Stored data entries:
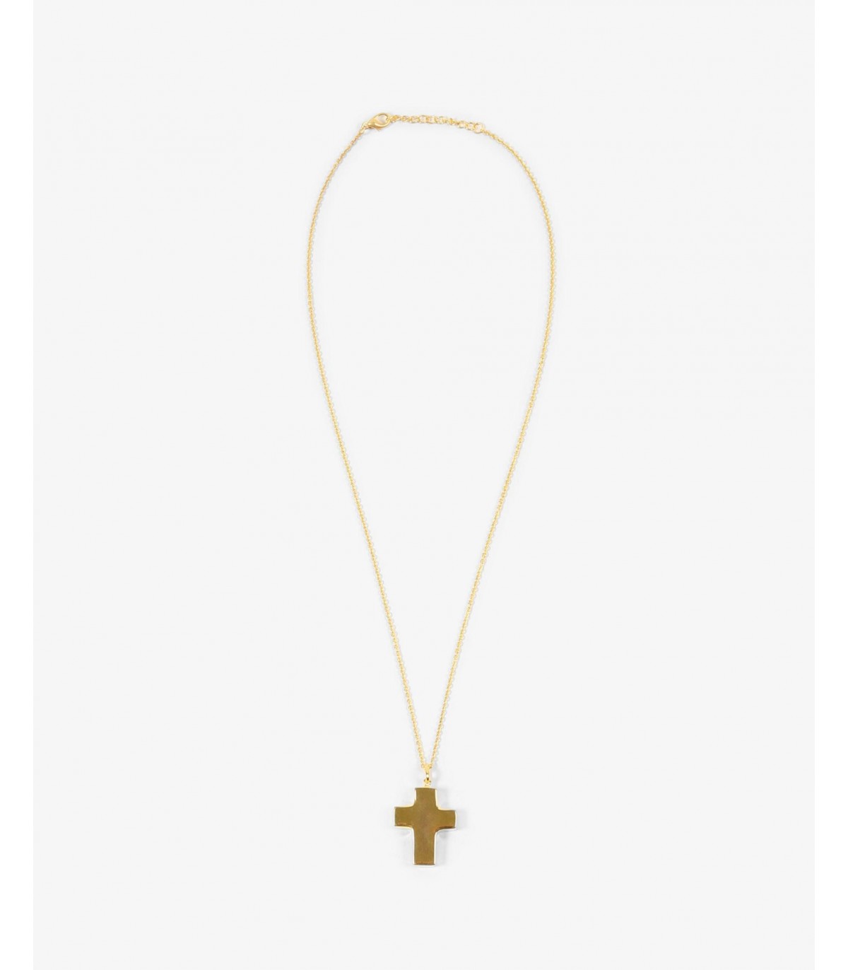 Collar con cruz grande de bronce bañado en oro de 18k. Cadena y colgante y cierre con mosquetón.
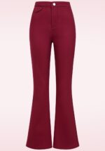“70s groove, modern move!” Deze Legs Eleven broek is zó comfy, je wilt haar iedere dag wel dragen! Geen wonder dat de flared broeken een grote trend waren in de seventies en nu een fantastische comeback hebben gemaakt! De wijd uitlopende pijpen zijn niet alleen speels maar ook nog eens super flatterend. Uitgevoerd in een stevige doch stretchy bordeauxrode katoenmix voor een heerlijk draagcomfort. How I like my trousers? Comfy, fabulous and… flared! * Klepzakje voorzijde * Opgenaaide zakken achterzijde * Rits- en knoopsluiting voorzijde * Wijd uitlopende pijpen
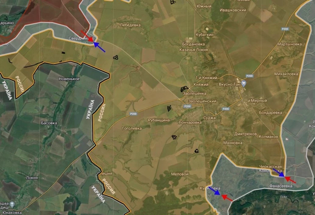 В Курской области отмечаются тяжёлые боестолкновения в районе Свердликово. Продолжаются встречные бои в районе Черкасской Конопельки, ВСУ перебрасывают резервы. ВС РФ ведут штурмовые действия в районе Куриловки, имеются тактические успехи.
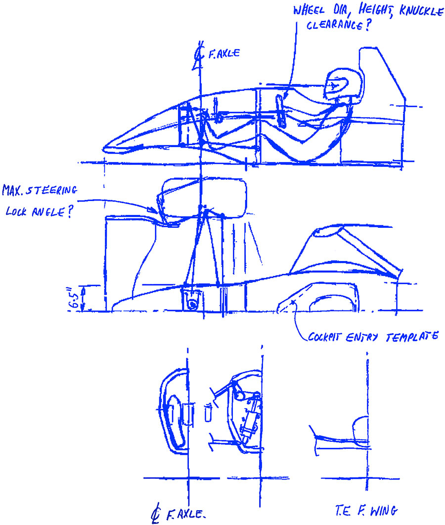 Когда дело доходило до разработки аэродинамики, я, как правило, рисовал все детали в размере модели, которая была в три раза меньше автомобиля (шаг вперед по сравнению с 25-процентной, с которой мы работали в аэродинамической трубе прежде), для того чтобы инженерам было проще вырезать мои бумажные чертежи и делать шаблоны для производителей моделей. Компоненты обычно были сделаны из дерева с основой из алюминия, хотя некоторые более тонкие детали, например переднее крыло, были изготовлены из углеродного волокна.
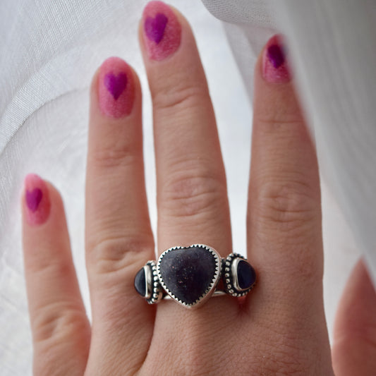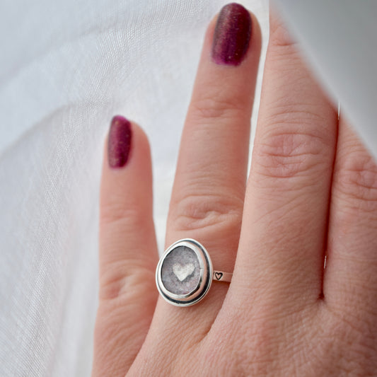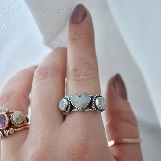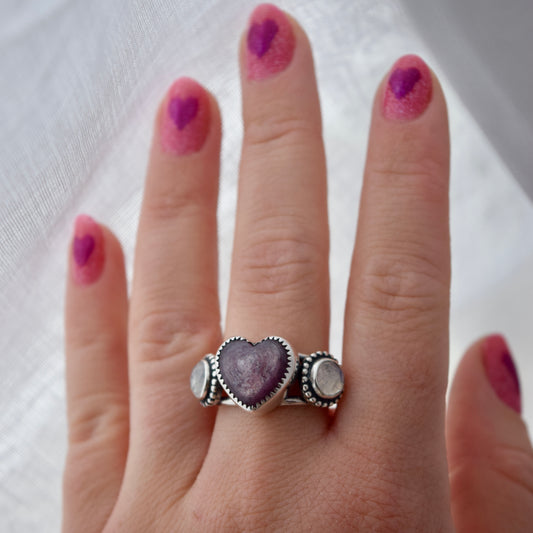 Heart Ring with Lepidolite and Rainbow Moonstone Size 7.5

◆ EXERCISE
Set down nothing but the lines from the one containing "Когда дело доходило" to the final line above, both included, with every picture left out.

◆ ANSWER TO THIS PROBLEM
 Когда дело доходило до разработки аэродинамики, я, как правило, рисовал все детали в размере модели, которая была в три раза меньше автомобиля (шаг вперед по сравнению с 25-процентной, с которой мы работали в аэродинамической трубе прежде), для того чтобы инженерам было проще вырезать мои бумажные чертежи и делать шаблоны для производителей моделей. Компоненты обычно были сделаны из дерева с основой из алюминия, хотя некоторые более тонкие детали, например переднее крыло, были изготовлены из углеродного волокна.
 Heart Ring with Lepidolite and Rainbow Moonstone Size 7.5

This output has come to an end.